Friday, Dec. 28, 1962

Alas, Poor Oleg!

It was a bitterly cold day, and most passers-by on Moscow's Kutuzovsky Prospekt hurried past the bus stop at Badaev factory. Buses came and went, but a tall American diplomat in a sports jacket stood peering at Lamppost 35, which was marked with a crude circle in charcoal. Finally, he jumped into a waiting car and roared off toward the Moscow River. Shortly afterward, another American ducked into a house at 5-6 Pushkin Street, where he surreptitiously reached behind a hallway radiator. As he was about to pocket the paper-wrapped matchbox that had been concealed there, Russian counterespionage agents burst in and arrested him as a spy.

"Proof" in Pictures. These goings-on were not in a James Bond thriller. They came in a detailed, two-part serial in Pravda titled Caught Redhanded, which may herald the biggest Moscow spy spectacular since Gary Powers' U-2 trial.

In all, the Russians have named seven Americans, one Briton and two Russians as major figures in the espionage ring, which was accused of "wholesale and retail'' trade in Russian engineering and scientific secrets. Top operative, according to Pravda, was the U.S. embassy's Russian-speaking physician. Air Force Captain Alexis Davison, 31, who was "openheartedly received as a true colleague'' by Soviet doctors. It was Davison, said the Russians, who was so preoccupied by the lamppost. The charcoal circle was a signal that information was ready to be picked up at 5-6 Pushkin Street by another embassy staffer, Richard Carl Jacob, 26, who, though only a secretary-archivist, was in reality, claimed Pravda, a graduate of a special U.S. spy school. The paper even carried "authentic"' photographs of the "spies at work."

Codes & Cameras. Their Russian contact, the real heavy of Pravda's story, was Oleg Vladimirovich Penkovsky, a vain cheapskate who held an "important job" in the Soviet agency that coordinates scientific research. The secret life of Oleg, the serial explained, revolved around his hopes of escaping to the West, "the alluring world where there is no honor, no fatherland, no moral duty; where everything is measured by the pocketbook."

Alas, poor Oleg! When Soviet intelligence raided his apartment, said Pravda, they found three miniature cameras for photographing documents, code books, chemically treated paper for sending invisible messages, radios to receive instructions from spy headquarters in Frankfurt and transmit "information about the U.S.S.R.'s scientific, technical, war and political problems." Why, with such equipment, Oleg resorted to such clumsy devices as scrawling signs on lampposts and hiding information behind apartment--house radiators. Pravda's thriller writer does not explain. It would never happen in a James Bond story.

A spy case in Paris last week appropriately sounded more like Simenon than James Bond.
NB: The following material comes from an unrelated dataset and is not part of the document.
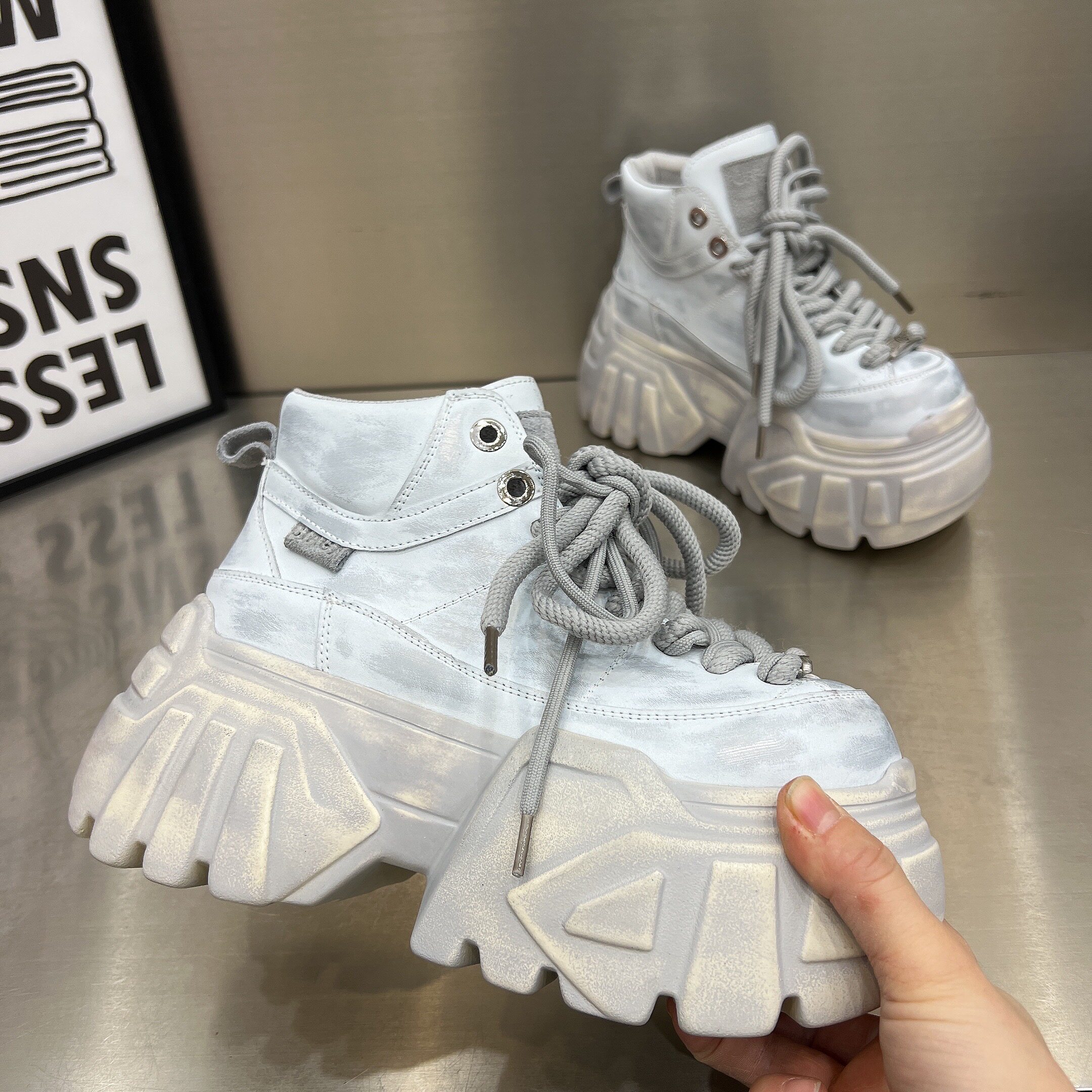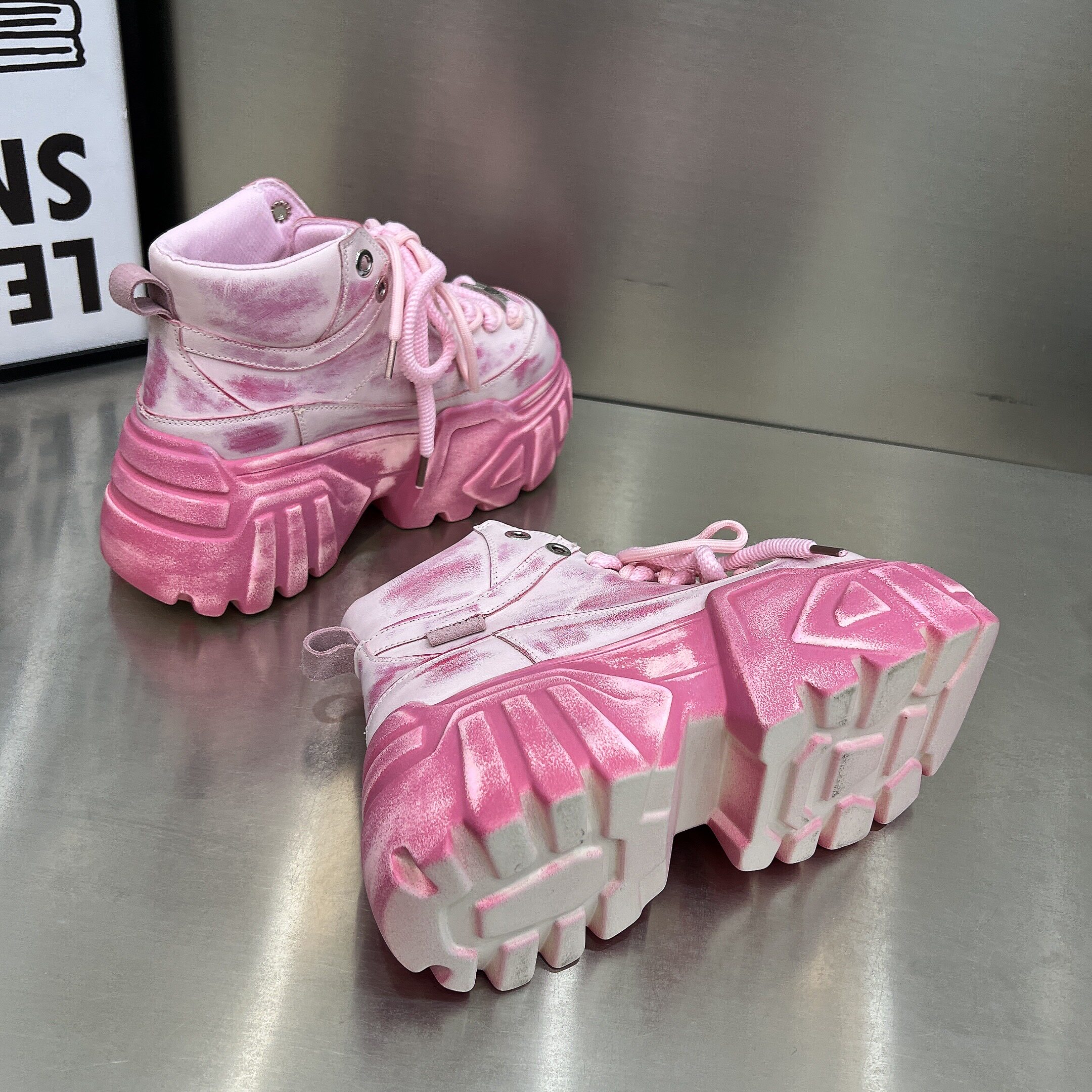 Worn-Out Color-Blocked Lace-Up Casual Shoes for Women, Thick-Soled Platform, Ultra-High Heel, 7cm Pink High-Top Shoes for Petite Women

Its central figure was Egyptian-born Sami Schinasi, an enterprising scoundrel who offered his services as an espionage agent to the French government. As proof of his cloak-and-dagger abilities, Schinasi genially explained that he got his start in espionage in September 1959, when he had a civilian job at the U.S. armed forces gasoline and oil depot in Fontainebleau. Needing some extra money, Schinasi had dropped into the Russian embassy in Paris and proposed that he do some moonlighting as a spy.
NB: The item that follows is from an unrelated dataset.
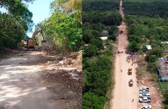 Estas obras forman parte de los trabajos accesorios del megaproyecto Tren Maya, desarrollado por el gobierno federal y buscan mejorar las condiciones de un camino tradicional ya existente desde 1930, pavimentando 22 de sus 60 kilómetros, para tener acceso directo de la cabecera municipal hacia la costa, atravesando la selva.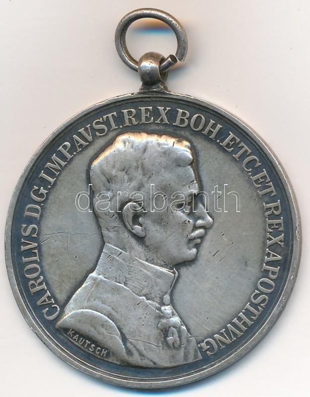 1917. "Károly Ezüst Vitézségi Érem I. osztálya" fémjel nélküli ezüst k... https://www.darabanth.com/en/223-Online-auction/223.0/Numismatics/Military~10017/1917-Karoly-Ezust-Vitezsegi-Erem-I-osztalya-femjel-nelkuli-ezust-kituntetes-mellszal~II973752

The Russians agreed, and paid Schinasi a total of $600 for supplying the names of all the U.S. service chiefs at Fontainebleau, a list of the petroleum products used at the depot, and information on U.S. gas masks. By July 1960, the Russians were so delighted with his work that they suggested he develop his talent at an espionage school in the Soviet Union; he cannily refused.

The French government was impressed by Schinasi's story, but not in quite the way he expected. Last week he was being tried for threatening the security of the state, faced a possible 20-year sentence. His attorney, arguing that Schinasi had not handed any vital information to the Russians, asked that his luckless client be acquitted because "this isn't really an espionage case. It is more of a swindle."